5. Stem Girdling Roots: Secondary roots growing into mulch piled high on the trunk will eventually encounter the slopes of mulch volcanoes causing the roots to turn. Although root cells require an external oxygen source, they can't grow into thin air! Eventually, these roots encircle the tree trunk and merge with the stem tissue. As these errant roots increase girth, they gradually girdle the trunk and restrict vascular flow. Thus, they are known as "stem girdling roots."
Symptoms of stem girdling roots include flat sides directly above the compression zone. This is a non-reversible condition and can eventually lead to a loss in structural integrity provided by the cylinder-within-cylinder morphological structure of tree stems. In other words, trees break and fall over.

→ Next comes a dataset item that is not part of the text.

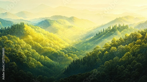 Fototapeta premium forest with layers of trees, stretching across rolling hills, with sunlight filtering through the canopy.
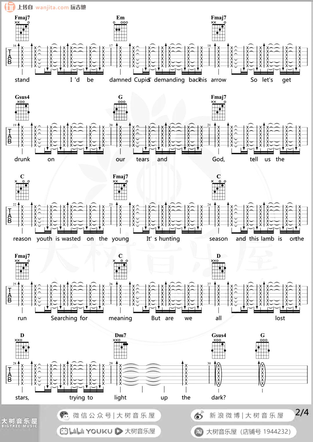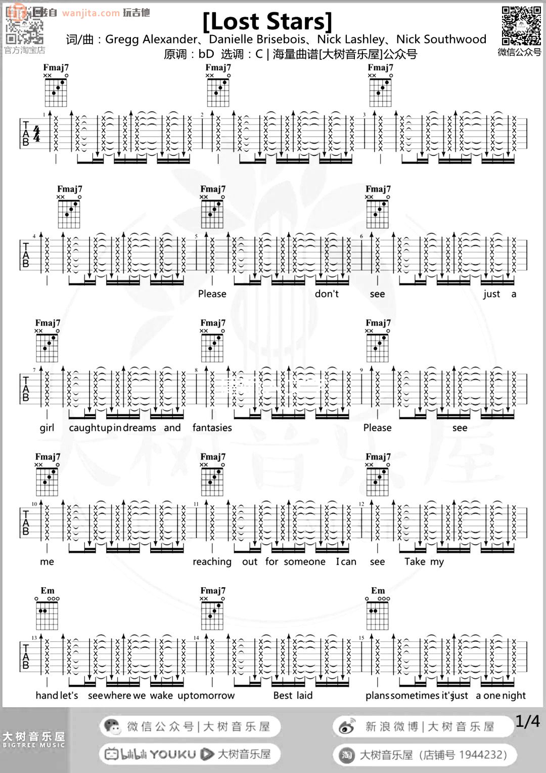 曲谱介绍: 《Lost Stars》吉他谱,原调bD,选用C调,不使用变调夹。最基础的和弦让这张曲谱十分容易学习,推荐新手学习这首深情的民谣歌曲,吉他弹唱更显民谣风格。总共4张高清图片谱例,由大树音乐屋制谱分享。 《Lost Stars》吉他弹唱演示视频 《Lost Stars》吉他弹唱教学视频

Stem girdling roots can also lead to bark splitting as the choked-off phloem dies. Ultimately, the disruption in vascular flow produces a thinning canopy.
6. The Coup de Grâce; Say Hello to My Little Friends: While moisture starvation and vascular strangulation can ultimately kill a tree, along the way they produce tree stress. This can induce trees to drop their defenses against infestations by opportunistic insect pests such as native borers or infections by plant pathogens. Of course, the pests and diseases get blamed if a tree succumbs, not the volcano mulch that set the tree's demise into motion in the first place.
The Flatheaded Appletree Borer (Chrysobothris femorata, family Buprestidae) is a good example of a native borer that attacks stressed native and non-native trees. Despite its common name, this borer attacks a wide range of deciduous trees. Indeed, Dave Shetlar (Professor Emeritus, OSU Entomology) commonly refers to the borer as the “Flatheaded Attacks Any Stressed Deciduous Tree Borer.”